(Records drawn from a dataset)

· · ·

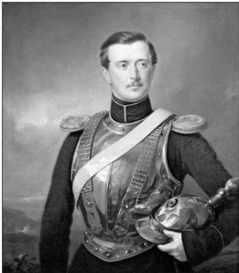
Петр Андреевич Шувалов – генерал-адъютант, генерал от

шефа жандармов, очевидно, было главное», – утверждал в своих воспоминаниях П.А. Валуев.
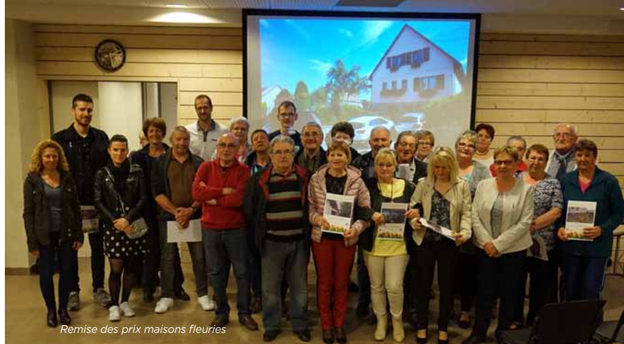
Remise des prix maisons fleuries
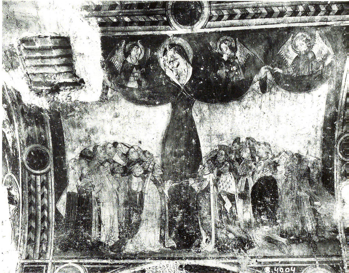
Fig.6 Temple de Saint-Gervais à Genève, Vierge de miséricorde peinte dans la chapelle Tous-les-Saints, avant la restauration de Gustave de Beaumont, photographiée avant 1904–1905.
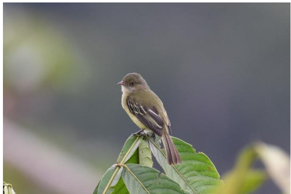
Cerulean Warbler en Mishana Tyrannulet, Waqanki
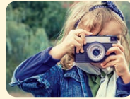
take a photo - fotografovať
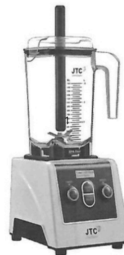
MODELE : 900D

Gagnez du temps grâce aux cycles pré-programmés. Une seule touche suffit.
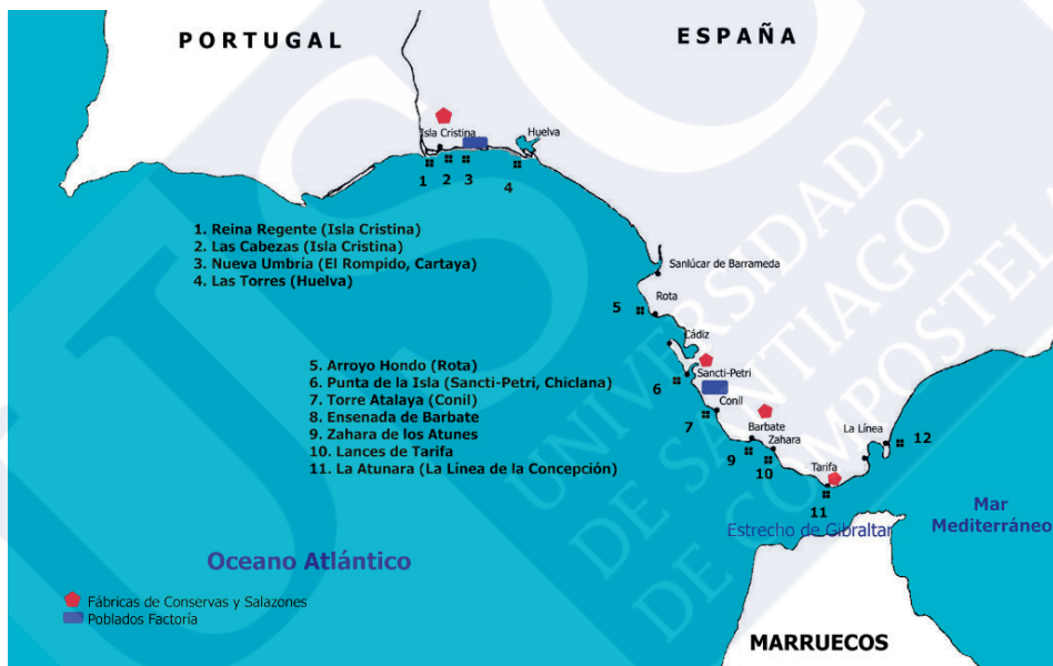
Mapa de las almadrabas e instalaciones asociadas activas durante el CNA
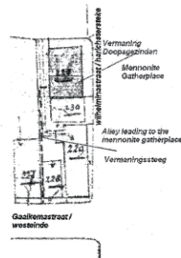
In lyts stikje fan de âldste kadasterkaart van 1832, wêr't de Formoanjestege op oan jûn is.

Wêr stie de âlde Formoanje? Hoewol de âlde Formoanje as sadanich net mear bestiet, is it plak dêr't er stie, noch goed te situearjen. De tsjerke stie oan de s.n. Harichster steke, de hjoeddeiske Wilhelminastraat. De yngong lykwols, wie fia de Formoanjestege te berikken. In stege dy't begûn oan wat no de Gaaikemastraat hyt, de wei oan de Luts. Op de âldste kadasterkaart is dizze stege noch goed werom te finen.
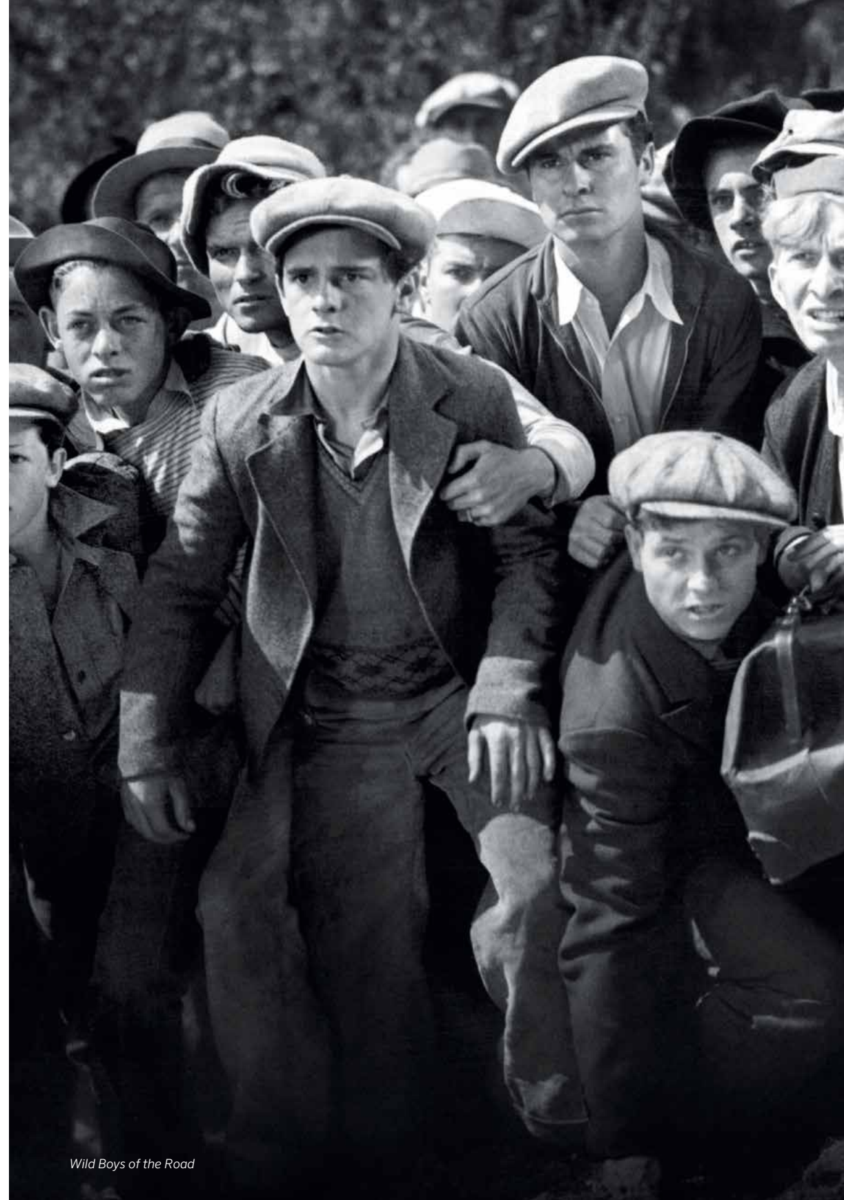
Wild Boys of the Road
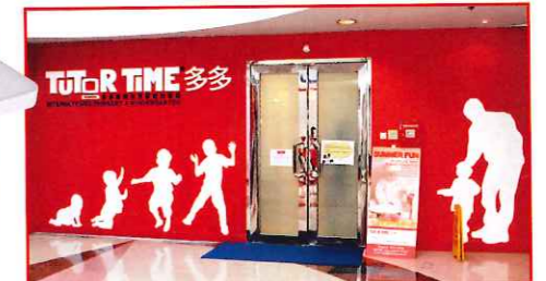
多多在香港共有5間分校，大潭紅山分校是最早創校的分校之一。

多多國際幼稚園是美國學前教育機構 Learning Care Group之附屬學校，現時多多在全世界各國，如美國、加拿大、葡萄牙、印尼、菲律賓等，設有超過500間分校。近年，香港家長對高質素幼兒教育的需求愈來愈高，有見及此，多多在2001先後創立了九龍塘多寶道，以及紅山半島分校。之後迅速發展，再開設北角寶馬山道、沙福道和半山堅道分校。
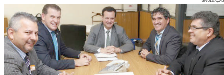
Líderes de Tupãssi com o ministro das Cidades e o deputado Roman

gado ao ministro uma reivindicação para melhorias na área urbana do município, especialmente para construção de calçadas, entre outras vias públicas, na ordem de R$ 600 mil.
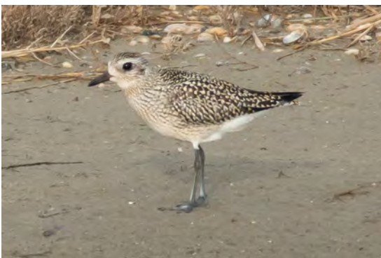
Zilverplevier
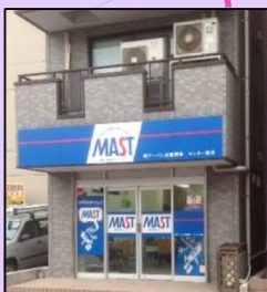
センター南店移転OPEN! 社長と向井店長(左側)

· · ·

■ Exercise description: Your task is to reproduce the entries above word for word, from the first line through the line with "MODELE : 900D", and please leave out any pictures.

■ Result below:
Петр Андреевич Шувалов – генерал-адъютант, генерал от

шефа жандармов, очевидно, было главное», – утверждал в своих воспоминаниях П.А. Валуев.
Remise des prix maisons fleuries
Fig.6 Temple de Saint-Gervais à Genève, Vierge de miséricorde peinte dans la chapelle Tous-les-Saints, avant la restauration de Gustave de Beaumont, photographiée avant 1904–1905.
Cerulean Warbler en Mishana Tyrannulet, Waqanki
take a photo - fotografovať
MODELE : 900D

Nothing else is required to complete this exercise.